__What is expected__. Restate all the data word for word and omit the pictures.
::: Source material :::
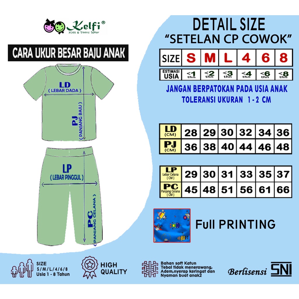 Kelfi kini hadir setelan motif Full Printing baru buat Buah hati Anda dengan gambar cute dan Nyaman di pakai anak sehari - hari. Produk sudah bersertifikat SNI
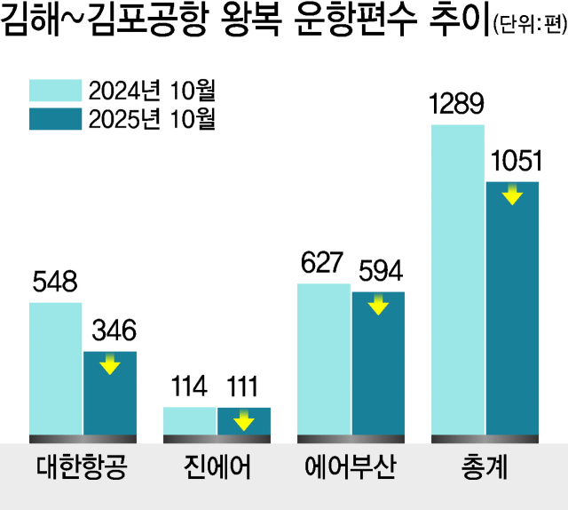 특히 대한항공의 항공편 감소가 두드러지게 나타났다. 지난해 10월 548편이었던 김해~김포공항 왕복 항공편은 1년 만에 346편으로 약 36% 감소했다. 같은 기간 에어부산의 김해~김포공항 왕복 항공편은 33편 감소했다.
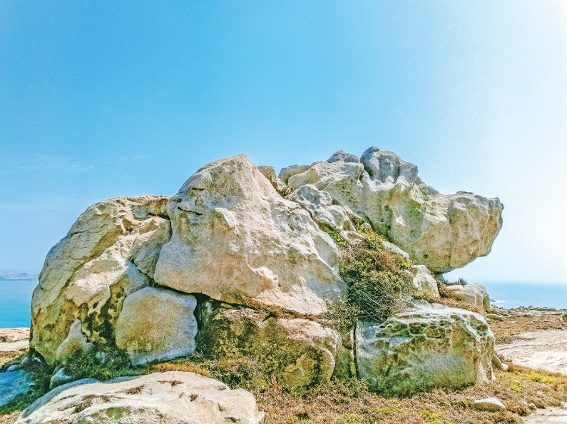 鸡母磹 酉鸡·鸡母磹 地点:金井镇山岐澳海岸鼎山树林中(山岐宫后) “鸡母磹”又名“天鹅孵卵”。这块天然形成的奇石,百年前就已入册留名。1922年版《平潭县志》里,它被郑重记载为“天生圹”。 这块三米余高的奇岩,似一只禽鸟温柔地伏于卵上,守护着尚未破壳的生命。那是母性的姿态,也是山海的柔情。而当你换个角度凝望,它又化作一只憨态可掬的海豹,静坐在林中,等待有缘人的到来。
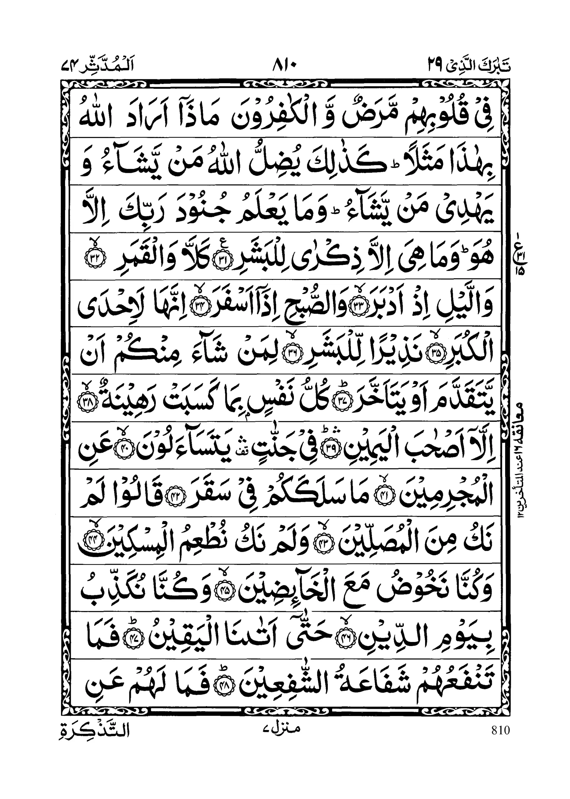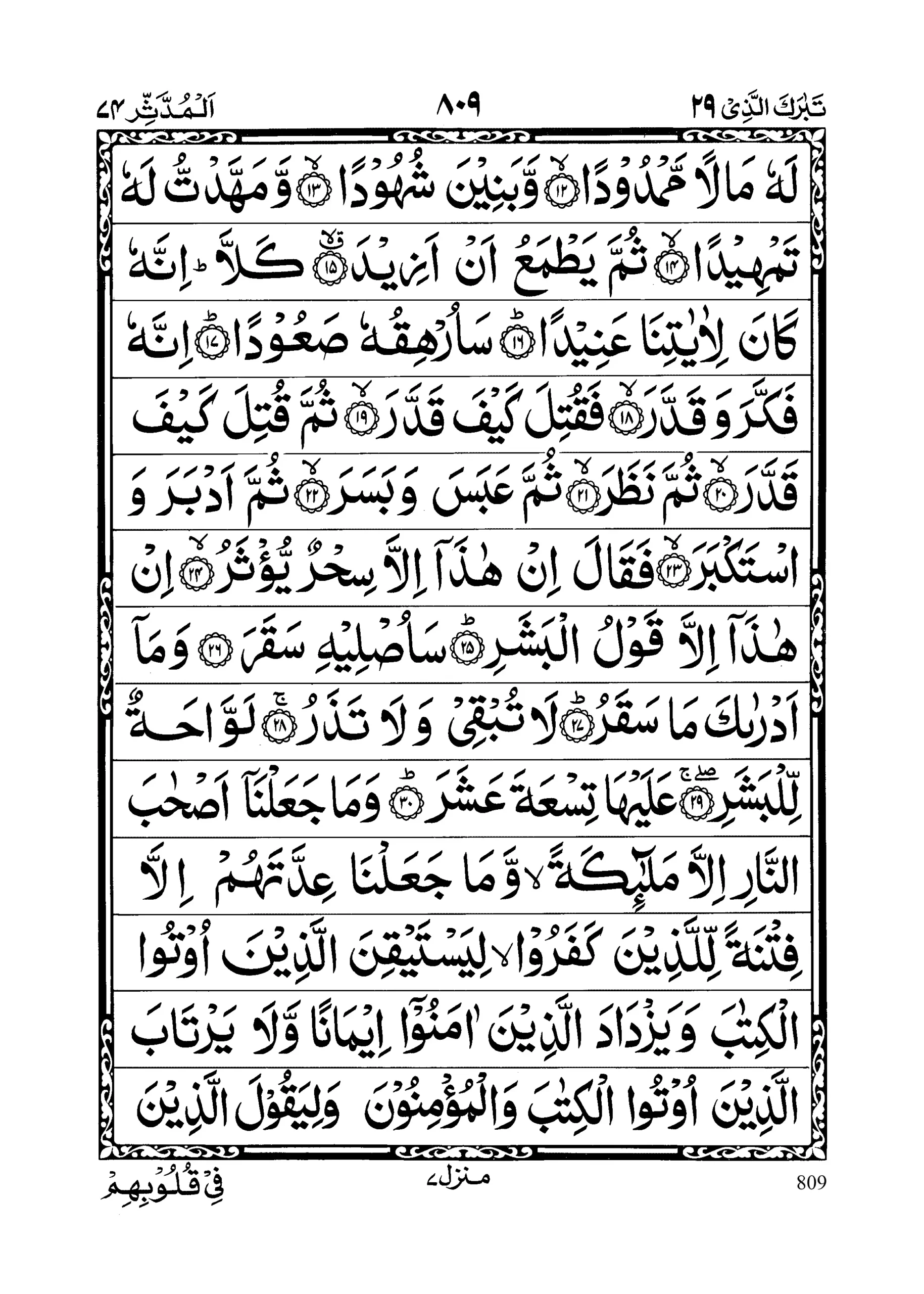 - Wa maaja’alnaaa As-haaban naari illaa malaaa ‘ikatanw wa maa ja’alnaa ‘iddatahum illaa fitnatal lillazeena kafaroo liyastaiqinal lazeena ootul kitaaba wa yazdaadal lazeena aamanooo eemaananw wa laa yartaabal lazeena ootul kitaaba walmu’minoona wa liyaqoolal lazeena fee quloo bihim maradunw walkaafiroona maazaaa araadal laahu bihaazaa masalaa; kazaalika yudillul laahu mai yashaaa’u wa yahdee mai yashaaa’; wa maa ya’lamu junooda rabbika illaa hoo; wa maa hiya illaa zikraa lil bashar
:::
__Exercise answer__.
 Kelfi kini hadir setelan motif Full Printing baru buat Buah hati Anda dengan gambar cute dan Nyaman di pakai anak sehari - hari. Produk sudah bersertifikat SNI
 특히 대한항공의 항공편 감소가 두드러지게 나타났다. 지난해 10월 548편이었던 김해~김포공항 왕복 항공편은 1년 만에 346편으로 약 36% 감소했다. 같은 기간 에어부산의 김해~김포공항 왕복 항공편은 33편 감소했다.
 鸡母磹 酉鸡·鸡母磹 地点:金井镇山岐澳海岸鼎山树林中(山岐宫后) “鸡母磹”又名“天鹅孵卵”。这块天然形成的奇石,百年前就已入册留名。1922年版《平潭县志》里,它被郑重记载为“天生圹”。 这块三米余高的奇岩,似一只禽鸟温柔地伏于卵上,守护着尚未破壳的生命。那是母性的姿态,也是山海的柔情。而当你换个角度凝望,它又化作一只憨态可掬的海豹,静坐在林中,等待有缘人的到来。
 - Wa maaja’alnaaa As-haaban naari illaa malaaa ‘ikatanw wa maa ja’alnaa ‘iddatahum illaa fitnatal lillazeena kafaroo liyastaiqinal lazeena ootul kitaaba wa yazdaadal lazeena aamanooo eemaananw wa laa yartaabal lazeena ootul kitaaba walmu’minoona wa liyaqoolal lazeena fee quloo bihim maradunw walkaafiroona maazaaa araadal laahu bihaazaa masalaa; kazaalika yudillul laahu mai yashaaa’u wa yahdee mai yashaaa’; wa maa ya’lamu junooda rabbika illaa hoo; wa maa hiya illaa zikraa lil bashar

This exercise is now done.